China Calls Australian Olympic Athletes ‘Disgraceful’

TOKYO, JAPAN - JULY 23: Flag bearers Cate Campbell and Patty Mills of Team Australia lead their team in during the Opening Ceremony of the Tokyo 2020 Olympic Games at Olympic Stadium on July 23, 2021 in Tokyo, Japan. (Photo by Patrick Smith/Getty Images)
Patrick Smith/Getty Images

China’s state-run Global Times ranted at length on Wednesday against the “disgraceful” behavior of the Australian Olympic team, some of whose members were accused of rowdy conduct that damaged their hotel rooms in Tokyo and “unacceptable behavior” on their flight home.

The Australian Olympic Committee said Tuesday that beds in some of the athletes’ rooms were damaged and a hole was punched in one of the walls. Other reports said the athletes consumed excessive amounts of alcohol, some of which made its way from their stomachs to the walls and floors of the Olympic village suites. Furthermore, life-sized models of the Australian team’s emu and kangaroo mascots mysteriously surfaced in the German quarters of the Olympic village.

“Some young people made a mistake, they had left the rooms in a condition that was unacceptable,” acknowledged Team Australia chief Ian Chesterman. Chesterman described the damage as “minor” and noted it was “not the hardest thing to break the cardboard bed” provided for the rambunctious athletes.

“The rooms were not completely trashed in any way,” he insisted.

Chesterman waxed poetic about the propensity of youth for acting rashly and learning from their mistakes: “It is a book as old as time: a good young person makes a mistake, chapter two is a good, young person is full of remorse. Chapter three is a good young person learns from the mistake and becomes a better person.”

As for the emu and kangaroo, Chesterman said they “enjoyed a pleasant holiday in Deutschland” and “we were very pleased to say they have returned.”

Chesterman did not name the offending athletes, but Rugby Australia announced on Tuesday it was launching its own investigation into “incidents involving the Men’s Sevens program after being informed by the Australian Olympic Committee.” Some members of the rowing team were also reportedly involved.

The Olympic committee also said it received reports of inappropriate behavior on a flight from Tokyo to Sydney on Friday.

China, whose relations with Australia have been strained by the coronavirus pandemic and Australia’s insistence on investigating where it came from, leaped on the incident to savage the “disgraceful exit from Tokyo” of the Aussie team.

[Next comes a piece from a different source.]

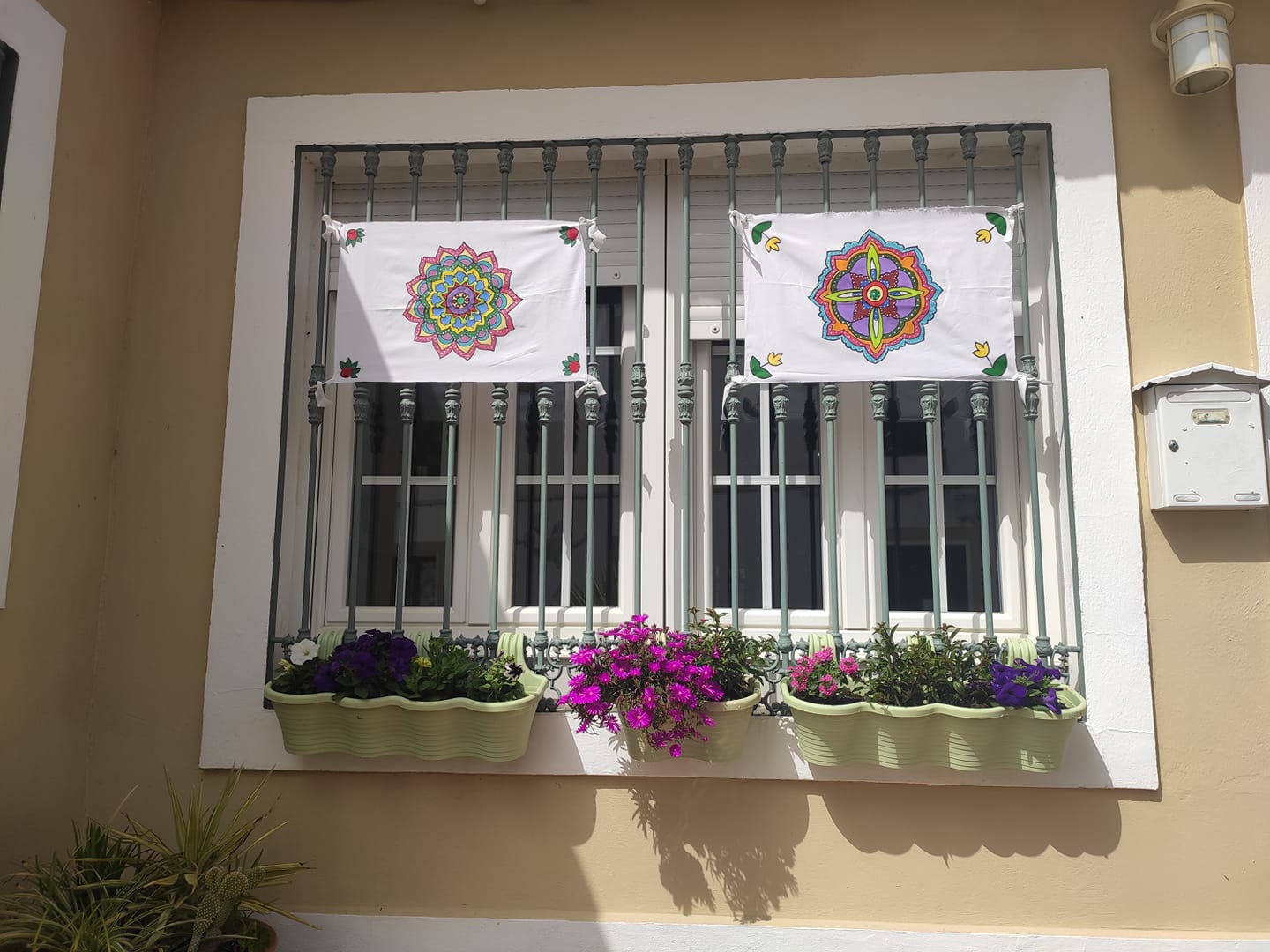 The awning is made though the year. Because of the first state of alarm, the surgical material stopped arriving. Resulting in the neighbours deciding to reuse the fabrics of their own houses to continue making mandalas, making them feel more productive in those hard times. To give the village a more cheerful image and overcome with joy the situation, the neighbours started to hang the mandalas on every window and balcony. This way, the second initiative started. Although it is already possible to go outside, people have continued making mandalas because they considered it a gratifying activity, entertaining and now are demanding for more activities.

According to the Global Times, Chinese “netizens” are brimming with contempt for the rude Australians:

“This not only reflects the quality of the athletes, but also reflects the quality and attitude of the country. Regardless of the conditions provided by the Olympic Village, the athletes should take care of themselves. This is not the behavior that athletes should have,” one netizen wrote on Sina Weibo.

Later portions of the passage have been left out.